ETHICAL LITERATURE
Bachya Ibn Pekuda.—Choboth ha-Lebaboth.—Sefer ha-Chassidim.—Rokeach.—Yedaiah Bedaressi's Bechinath Olam.—Isaac Aboab's Menorath ha-Maor.—Ibn Chabib's "Eye of Jacob."—Zevaoth, or Ethical Wills.—Joseph Ibn Caspi.—Solomon Alami.
A large proportion of all Hebrew books is ethical. Many of the works already treated here fall under this category. The Talmudical, exegetical, and philosophical writings of Jews were also ethical treatises. In this chapter, however, attention will be restricted to a few books which are in a special sense ethical.
Collections of moral proverbs, such as the "Choice of Pearls," attributed to Ibn Gebirol, and the "Maxims of the Philosophers" by Charizi, were great favorites in the Middle Ages. They had a distinct charm, but they were not original. They were either compilations from older books or direct translations from the Arabic. It was far otherwise with the ethical work entitled "Heart Duties" (Choboth ha-Lebaboth), by Bachya Ibn Pekuda (about 1050-1100). This was as original as it was forcible. Bachya founded his ethical system on the Talmud and on the philosophical notions current in his day, but he evolved out of these elements an original view of life. The inner duties dictated by conscience were set above all conventional morality. Bachya probed the very heart of religion. His soul was filled with God, and this communion, despite the ascetic feelings to which it gave rise, was to Bachya an exceeding joy. His book thrills the reader with the author's own chastened enthusiasm. The "Heart Duties" of Bachya is the most inspired book written by a Jew in the Middle Ages.
In part worthy of a place by the side of Bachya's treatise is an ethical book written in the Rhinelands during the thirteenth century. "The Book of the Pious" (Sefer ha-Chassidim) is mystical, and in course of time superstitious elements were interpolated. Wrongly attributed to a single writer, Judah Chassid, the "Book of the Pious" was really the combined product of the Jewish spirit in the thirteenth century. It is a conglomerate of the sublime and the trivial, the purely ethical with the ceremonial. With this popular and remarkable book may be associated other conglomerates of the ritual, the ethical, and the mystical, as the Rokeach by Eleazar of Worms.

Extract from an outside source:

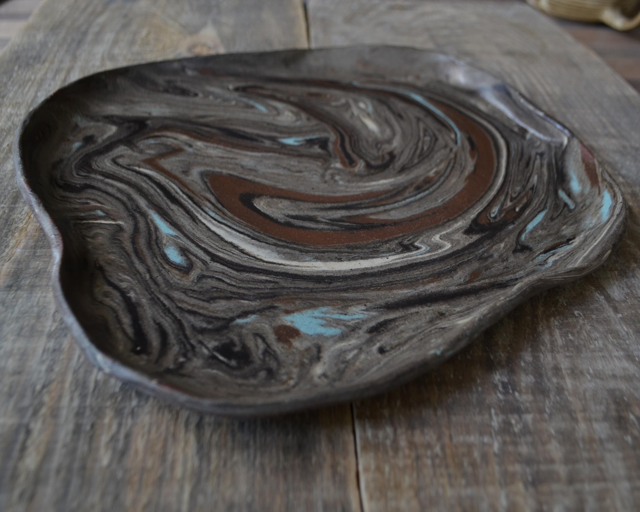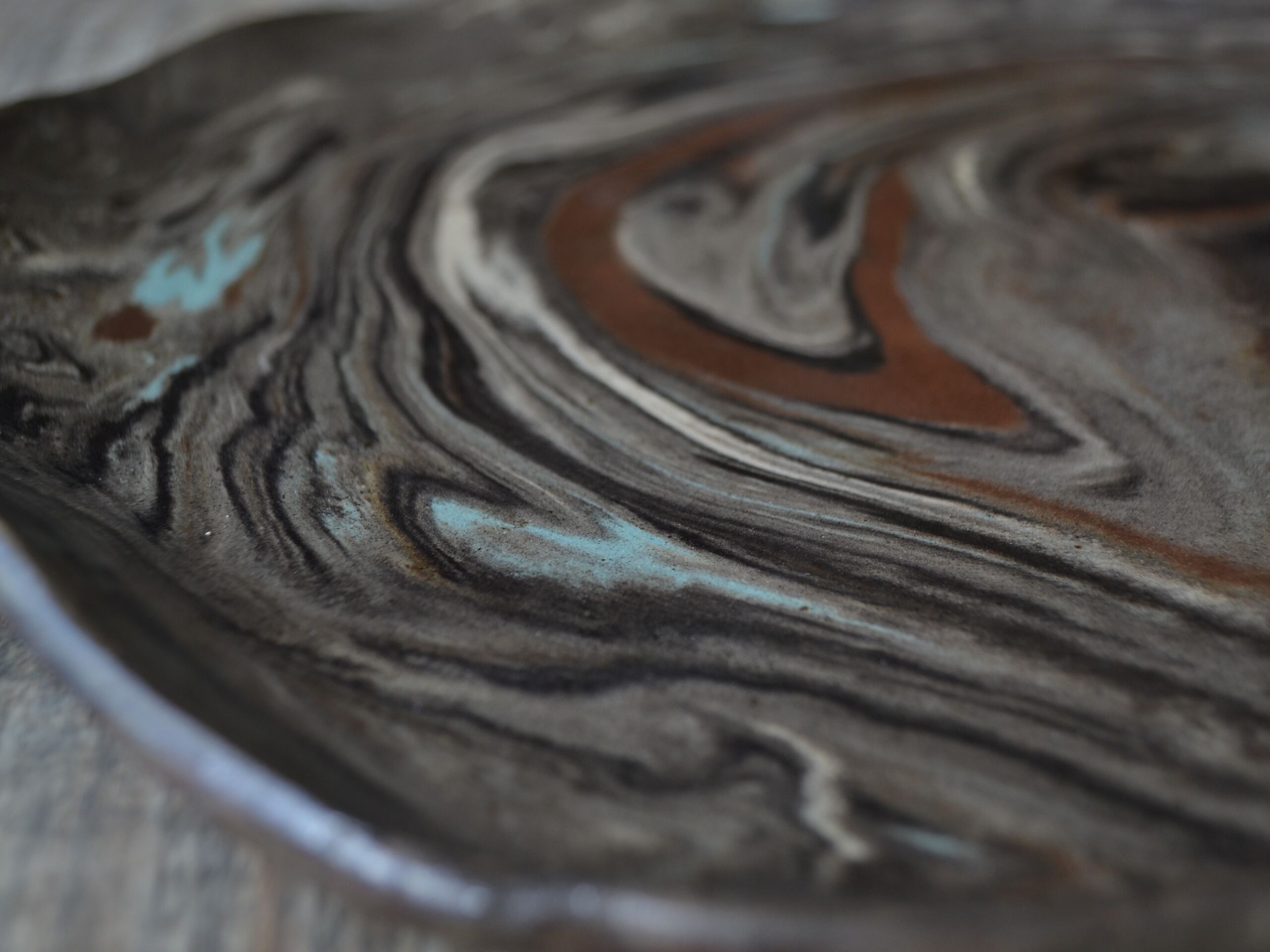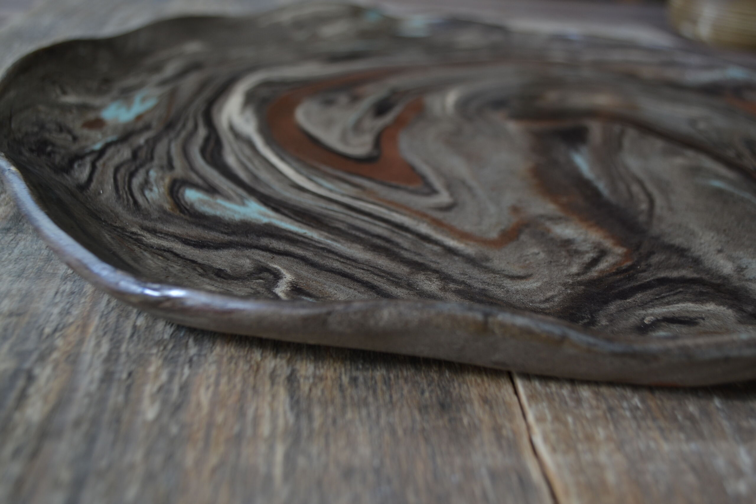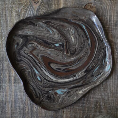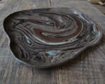 Patera wytoczona na kole garncarskim z szarej gliny, pokryta beżowym szkliwem.

A simpler but equally popular work was Yedaiah Bedaressi's "Examination of the World" (Bechinath Olam), written in about the year 1310. Its style is florid but poetical, and the many quaint turns which it gives to quotations from the Bible remind the reader of Ibn Gebirol. Its earnest appeal to man to aim at the higher life, its easily intelligible and commonplace morals, endeared it to the "general reader" of the Middle Ages. Few books have been more often printed, few more often translated.
Another favorite class of ethical books consisted of compilations made direct from the Talmud and the Midrash. The oldest and most prized of these was Isaac Aboab's "Lamp of Light" (Menorath ha-Maor). It was an admirably written book, clearly arranged, and full to the brim of ethical gems. Aboab's work was written between 1310 and 1320. It is arranged according to subjects, differing in this respect from another very popular compilation, Jacob Ibn Chabib's "Eye of Jacob" (En Yaakob), which was completed in the sixteenth century. In this, the Hagadic passages of the Talmud are extracted without arrangement, the order of the Talmud itself being retained. The "Eye of Jacob" was an extremely popular work.
Of the purely devotional literature of Judaism, it is impossible to speak here. One other ethical book must be here noticed, for it has attained wide and deserved popularity. This is the "Path of the Upright" (Messilath Yesharim) by Moses Chayim Luzzatto, of whom more will be said in a later chapter. But a little more space must be here devoted to a species of ethical tract which was peculiar to Jewish moralists. These tracts were what are known as Ethical Wills.
These Ethical Wills (Zevaoth) contained the express directions of fathers to their children or of aged teachers to their disciples. They were for the most part written calmly in old age, but not immediately before the writers' death. Some of them were very carefully composed, and amount to formal ethical treatises. But in the main they are charmingly natural and unaffected. They were intended for the absolutely private use of children and relatives, or of some beloved pupil who held the dearest place in his master's regard. They were not designed for publication, and thus, as the writer had no reason to expect that his words would pass beyond a limited circle, the Ethical Will is a clear revelation of his innermost feelings and ideals. Intellectually some of these Ethical Wills are poor; morally, however, the general level is very high.